Exercise details> Print the data exactly. Omit the pictures.

Records from a collection>
- - -

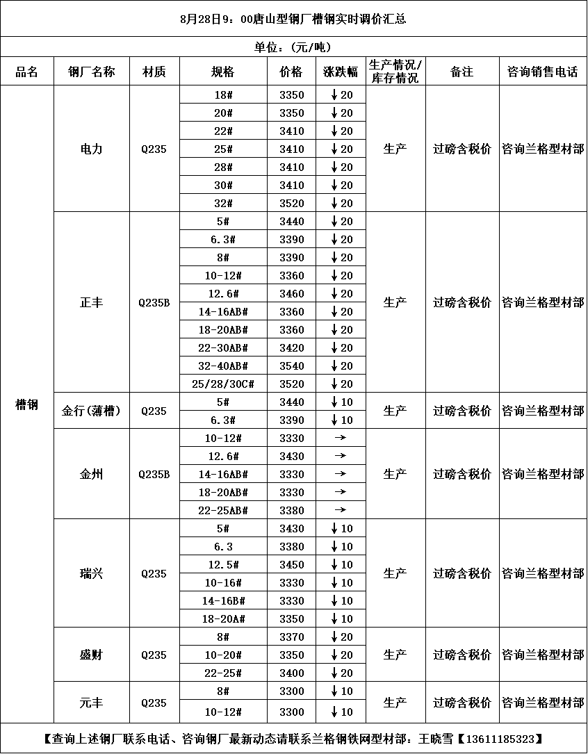 • 8月28日唐山元丰钢厂槽钢调价信息
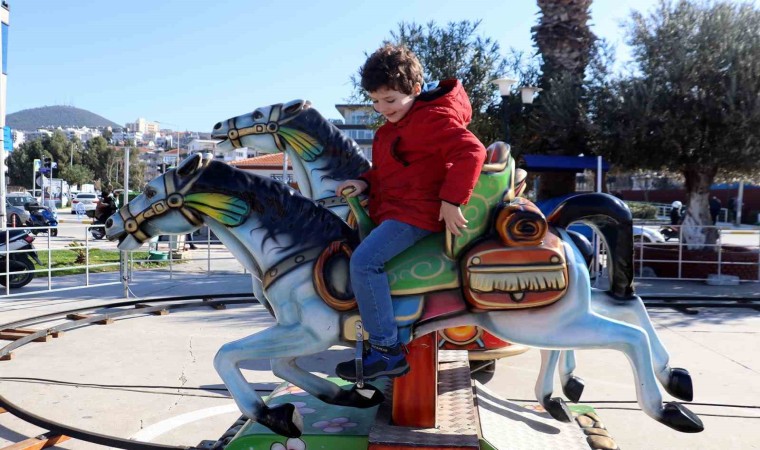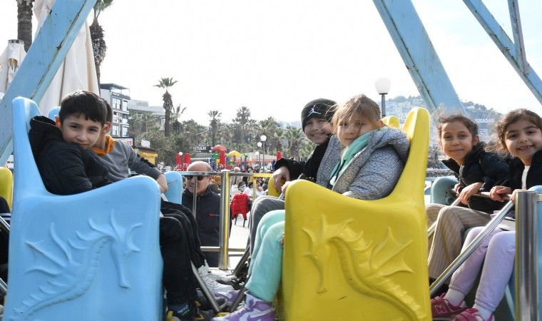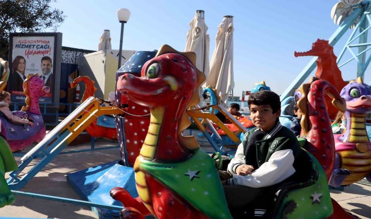 Kuşadası’nda yarıyıl tatilinde karne almanın heyecanını yaşayan çocuklar, İsmail Cem Dostluk ve Barış Meydanı’nda Kuşadası Belediyesi tarafından kurulan lunapark oyuncaklarıyla doyasıya eğleniyor. Güneşli havayı fırsat bilerek aileleriyle birlikte alana gelen çocuklar, keyifli oyuncaklar aracılığıyla sosyalleşme imkanı da buluyor.
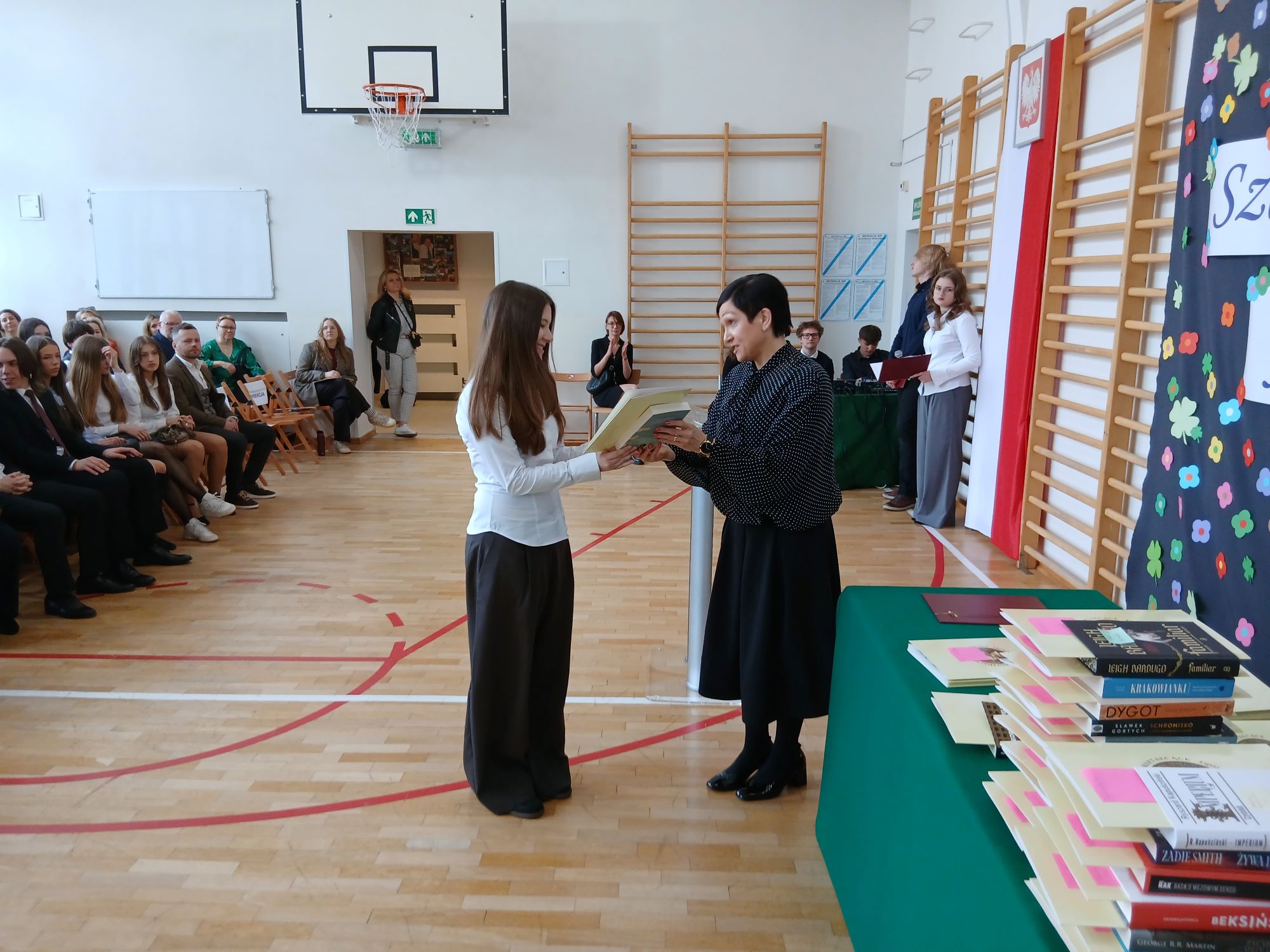 Niemniej najważniejszym momentem uroczystości było wręczenie świadectw ukończenia Liceum. Pani dyrektor Joanna Kaleta-Szabłowska i pani wicedytrektor Mariola Boryn wręczyły najpierw świadectwa z wyróżnieniem, doceniając osiągnięcia naukowe naszych Absolwentów. Dla najlepszych z najlepszych Rada Rodziców ufundowała specjalne stypendia i nagrody książkowe.
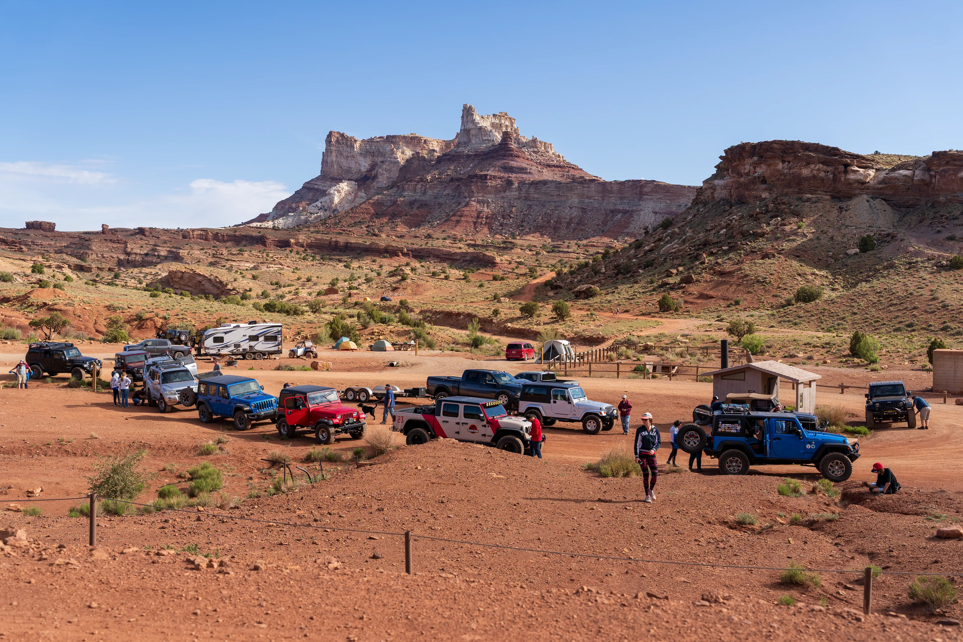 Das Gebiet rund um den Temple Mountain wird vom BLM verwaltet und bietet, entlang einer Vielzahl von Schotterstraßen, Campingmöglichkeiten. Am Eingang des Gebiets finden sich sogar einige Plumpsklos - ein netter Service. Der auffällige Temple Mountain verdankt seinen Namen der (angeblichen) Ähnlichkeit mit dem Salt Lake Temple, der Kathedrale der Mormonen in Salt Lake City. Die Geschichte des Ortes ist jedoch deutlich profaner: in der Gegend wurden bis in die 50er Jahre in großen Mengen radioaktive Elemente wie Radium und Uran abgebaut. Erze von hier wurden auch an Marie Curie nach Frankreich geliefert. Es gibt Aufzeichnungen, die belegen, dass Curie sogar selbst die Gegend besucht haben soll, um zu sehen, wo Erz solcher Güte abgebaut wird.
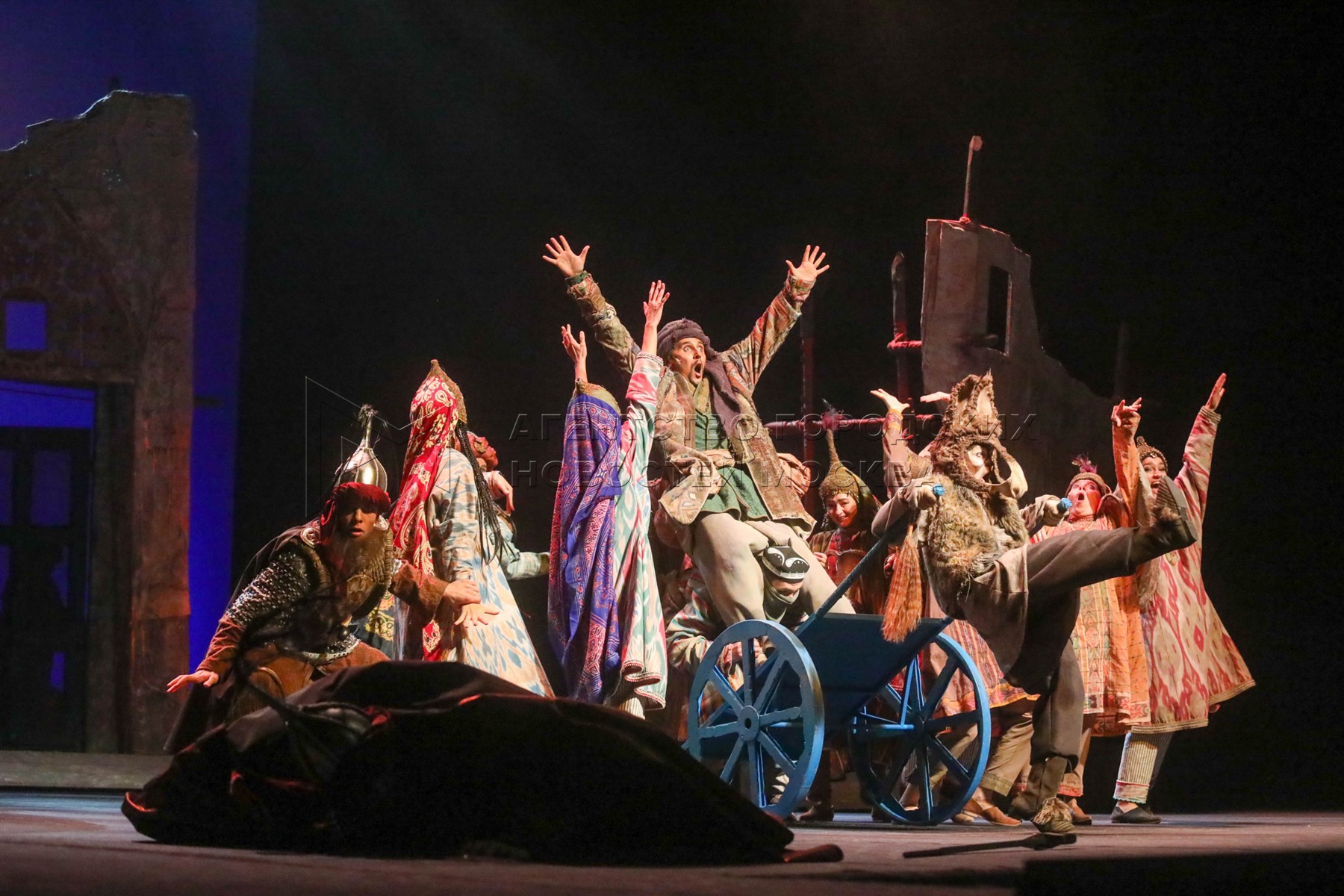 Актеры Руфат Акчурин в роли Ходжи Насреддина (в центре) во время показа музыкальн...
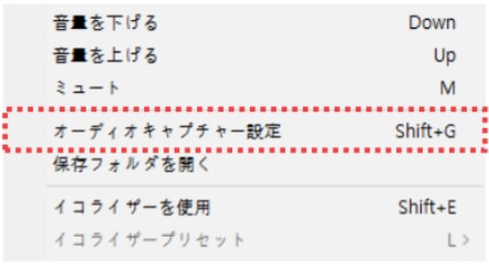 基本メニューで「音声 > オーディオキャプチャー」設定メニューを選択してください。
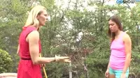Dojrzała MILF kokietuje młodszą brunetkę. Podniecone dotykają się czule. Stara liże pizdę młodszej kochance. Potem rozkłada nogi, a koleżanka robi jej palcówkę. Ocierają się pizdami i doprowadzają do orgazmu rozkraczone, podczas wzajemnej masturbacji.
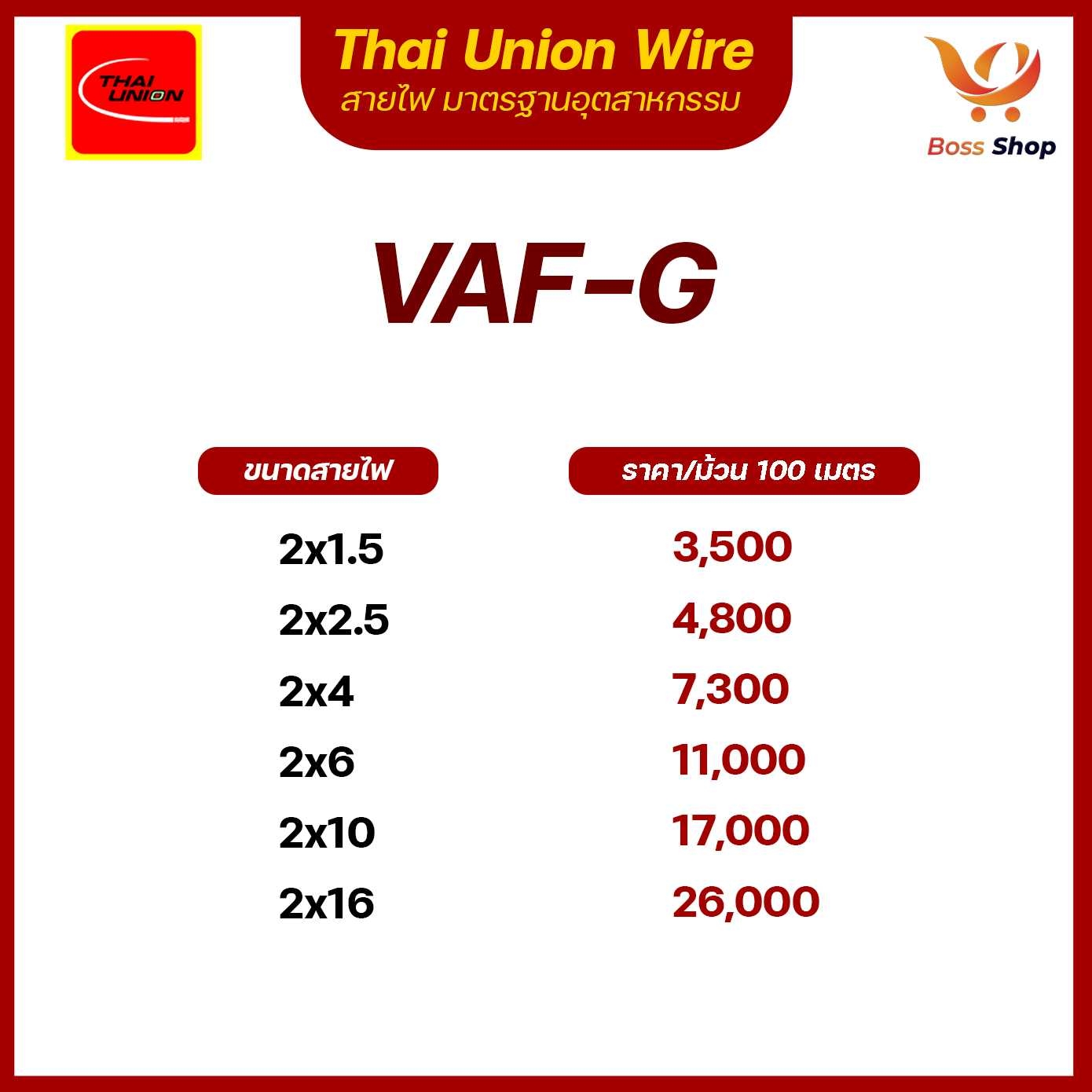 สาย VAF และ VAF-G เป็นสายไฟฟ้าที่คนทั่วไปคุ้นเคยที่สุด เพราะเป็นสายที่ใช้ตามบ้านและอาคารทั่วไป เป็นสายแกนคู่ ตัวนำไฟฟ้าผลิตจากทองแดง สามารถทนแรงดันไฟฟ้าได้ 300/500 โวลต์ ฉนวนและเปลือกเป็นพีวีซี สามารถทนอุณหภูมิสูงสุดได้ 70 องศาเซลเซียส

- - -

Written answer>
 • 8月28日唐山元丰钢厂槽钢调价信息
 Kuşadası’nda yarıyıl tatilinde karne almanın heyecanını yaşayan çocuklar, İsmail Cem Dostluk ve Barış Meydanı’nda Kuşadası Belediyesi tarafından kurulan lunapark oyuncaklarıyla doyasıya eğleniyor. Güneşli havayı fırsat bilerek aileleriyle birlikte alana gelen çocuklar, keyifli oyuncaklar aracılığıyla sosyalleşme imkanı da buluyor.
 Niemniej najważniejszym momentem uroczystości było wręczenie świadectw ukończenia Liceum. Pani dyrektor Joanna Kaleta-Szabłowska i pani wicedytrektor Mariola Boryn wręczyły najpierw świadectwa z wyróżnieniem, doceniając osiągnięcia naukowe naszych Absolwentów. Dla najlepszych z najlepszych Rada Rodziców ufundowała specjalne stypendia i nagrody książkowe.
 Das Gebiet rund um den Temple Mountain wird vom BLM verwaltet und bietet, entlang einer Vielzahl von Schotterstraßen, Campingmöglichkeiten. Am Eingang des Gebiets finden sich sogar einige Plumpsklos - ein netter Service. Der auffällige Temple Mountain verdankt seinen Namen der (angeblichen) Ähnlichkeit mit dem Salt Lake Temple, der Kathedrale der Mormonen in Salt Lake City. Die Geschichte des Ortes ist jedoch deutlich profaner: in der Gegend wurden bis in die 50er Jahre in großen Mengen radioaktive Elemente wie Radium und Uran abgebaut. Erze von hier wurden auch an Marie Curie nach Frankreich geliefert. Es gibt Aufzeichnungen, die belegen, dass Curie sogar selbst die Gegend besucht haben soll, um zu sehen, wo Erz solcher Güte abgebaut wird.
 Актеры Руфат Акчурин в роли Ходжи Насреддина (в центре) во время показа музыкальн...
 基本メニューで「音声 > オーディオキャプチャー」設定メニューを選択してください。
Dojrzała MILF kokietuje młodszą brunetkę. Podniecone dotykają się czule. Stara liże pizdę młodszej kochance. Potem rozkłada nogi, a koleżanka robi jej palcówkę. Ocierają się pizdami i doprowadzają do orgazmu rozkraczone, podczas wzajemnej masturbacji.
 สาย VAF และ VAF-G เป็นสายไฟฟ้าที่คนทั่วไปคุ้นเคยที่สุด เพราะเป็นสายที่ใช้ตามบ้านและอาคารทั่วไป เป็นสายแกนคู่ ตัวนำไฟฟ้าผลิตจากทองแดง สามารถทนแรงดันไฟฟ้าได้ 300/500 โวลต์ ฉนวนและเปลือกเป็นพีวีซี สามารถทนอุณหภูมิสูงสุดได้ 70 องศาเซลเซียส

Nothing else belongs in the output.